In general, our motion correction could be much faster. OpenCV has decent cuda support with python now that we could leverage at multiple steps, for instance in the initial template extraction for rigid motion correction. Once we switch over to torch, we could probably do the fft and its inverse (which implements xcorr for motion correction) WAY faster.
Is that running in the notebook using a timer on motion correction, or something else?
Yes mc.motion_correct()
where initialization difference is with dview=cluster
vs dview=None
As you're on windows (where some of the backend libraries are very different and parallelisation is also very different) and also on Jupyter, we need more data points.
My original data points were from Linux using the CLI demos. I just modified the demo_pipeline notebook to include the timing code and tested it across multiprocessing and single (still on my beefy Linux workstation), and got the following results:
Single in Jupyter:
Multiprocessing in Jupyter:
So at least on Linux, multiprocessing in Jupyter still hurts motion correction (and helps but is neutral on everything else in the notebook). At least with this dataset and these parameters. As expected, Jupyter significantly hurts Caiman's performance (this is not a mystery).
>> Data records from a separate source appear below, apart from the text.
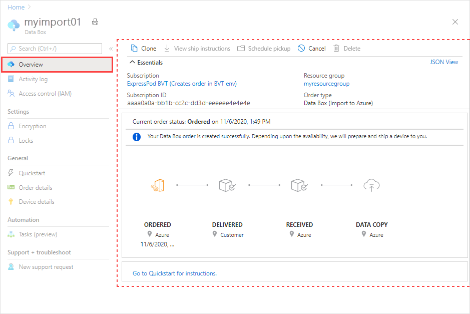 导航到 Data Box 订单的 “概述 ”页。
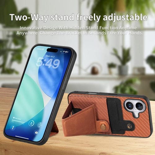 Funda tipo cartera de fibra de carbono con tarjetero en forma de K para iPhone 17 (marrón)
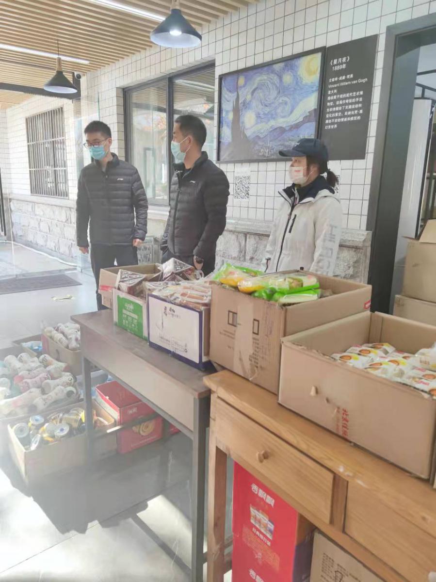 學院黨委副書記劉建鋒帶領值守同志走進教研室,了解學生近期科研學習情況。隨后,學院值守人員一起前往北校區物資臨時供應點,為學院同學采購慰問物資。
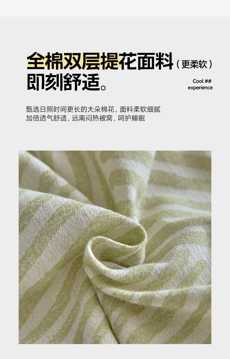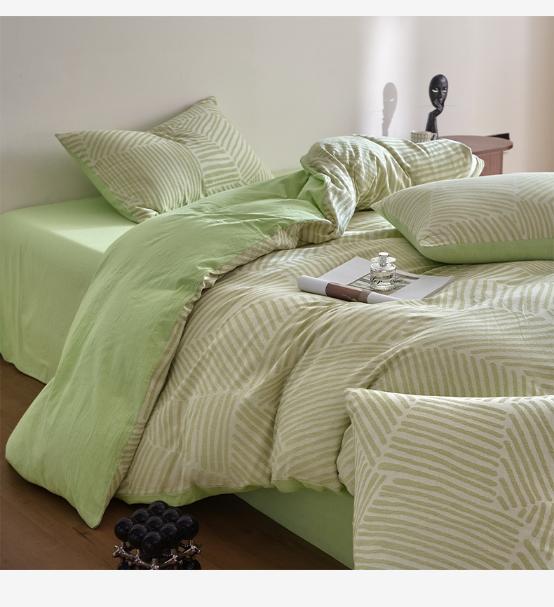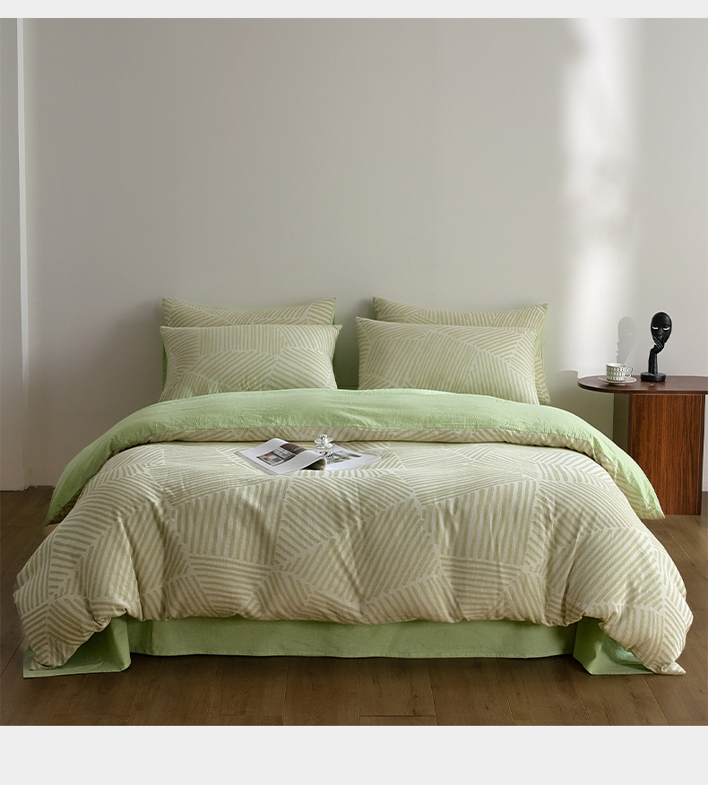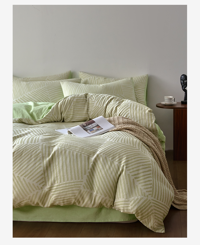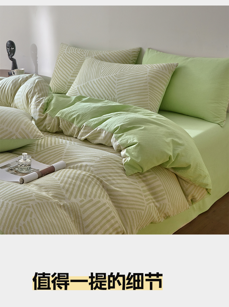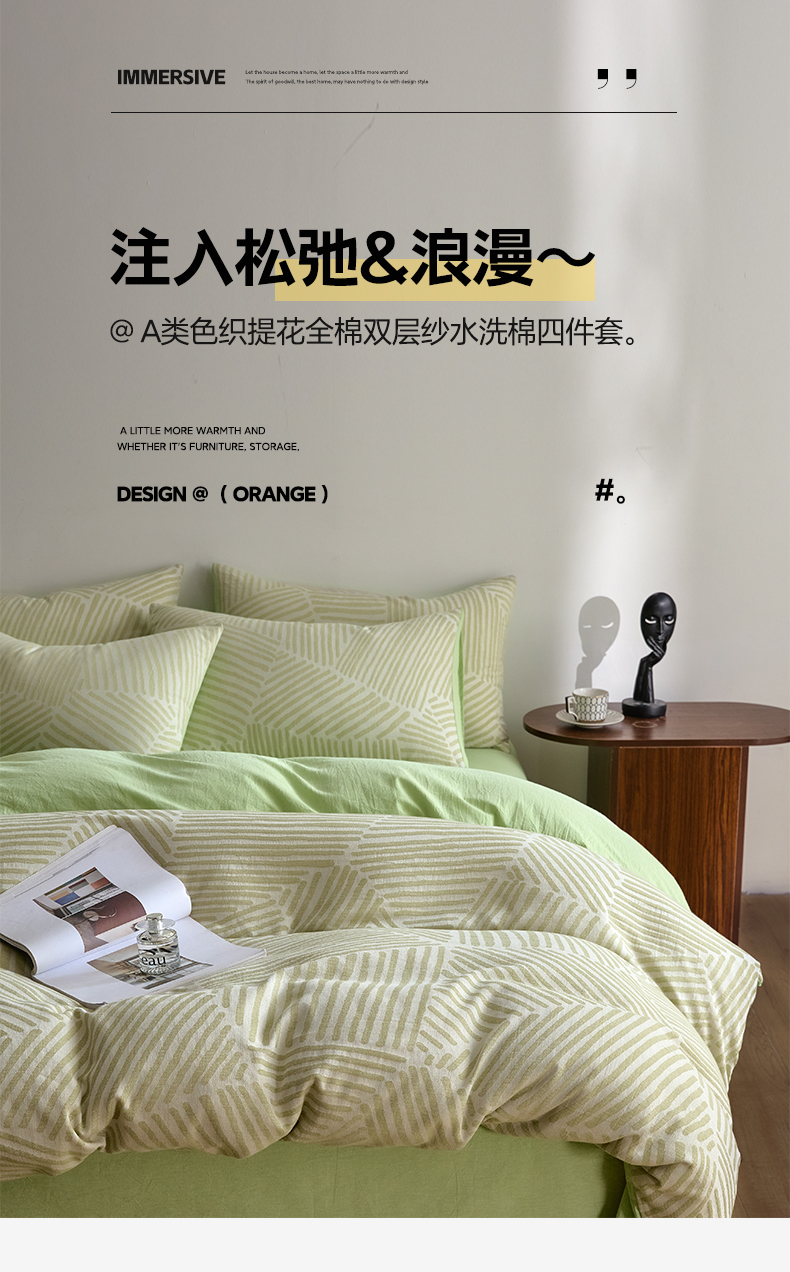 如一 2026新款A类色织提花全棉双层纱水洗棉四件套 序章绿
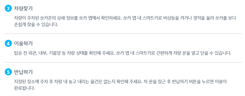 쏘카를 처음 이용하는 분들도 쉽게 사용법을 알 수 있도록 시스템이 잘 갖춰져 있어요. 처음이라서 어렵게 느껴진다면 한 번 직접 해보는 것이 어떨까요?
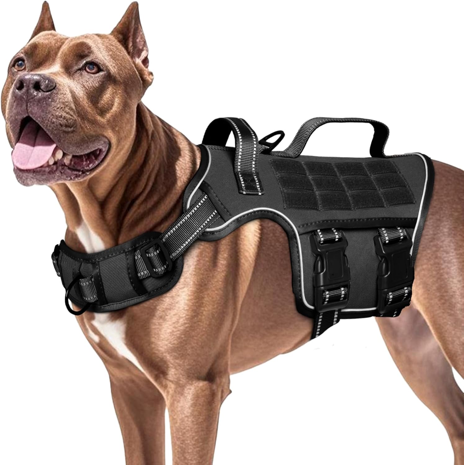 TACTICAL MOLLE SYSTEM & DURABILITY: Designed for versatility, this vest features a robust Molle system on both sides, allowing you to easily attach water bottles, treat pouches, and essential gear. Constructed from high-grade, scratch-resistant materials, the harness withstands tough outdoor conditions. The integrated metal leash rings are welded to withstand extreme pulling forces, making it ideal for powerful large breeds.
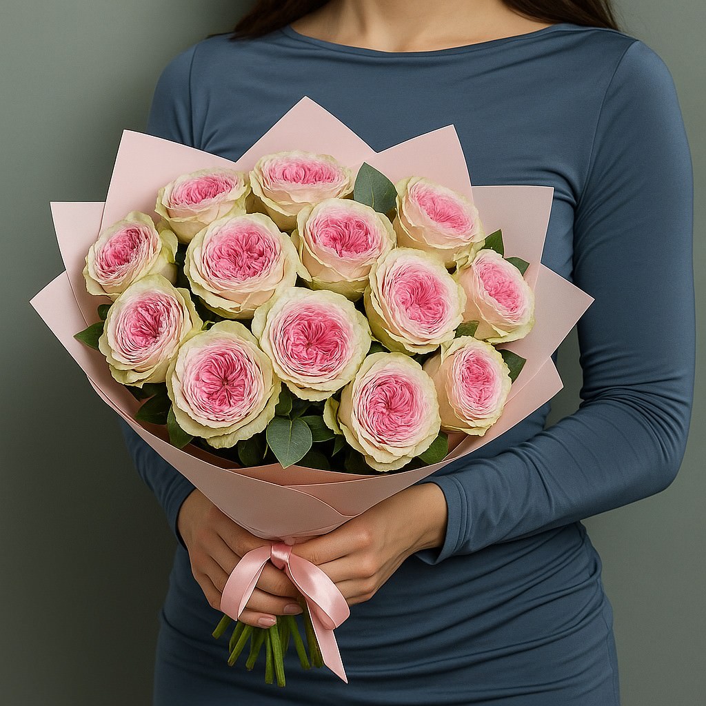 Роскошный букет пионовидных роз с яркой розовой серединкой и нежными белыми краями лепестков. Такой контрастный микс смотрится стильно и элегантно, подчёркивая свежесть и естественную красоту цветов. Идеален для подарка на день рождения, годовщину или просто для того, чтобы порадовать близкого человека.

It's really interesting that you're seeing motion correction behave better in parallel than in single mode on Windows. We might want to check to see if we're testing the same way, because that 641ms seems a little suspicious to me.
import contextlib
import time
class caitimer(contextlib.ContextDecorator):
def __init__(self, msg):
self.message = msg
def __enter__(self):
self.start = time.time()
return self
def __exit__(self, type, value, traceback):
print(f"{self.message}: {time.time() - self.start}")
I then added this block to the start of "Setup a cluster":
#backend = "multiprocessing"
backend = "single"
#backend = "ipyparallel"
and modify both instances (remember there are two) of setup_cluster() to look at backend rather than the hardcoded name (maybe we should change this in all the notebooks).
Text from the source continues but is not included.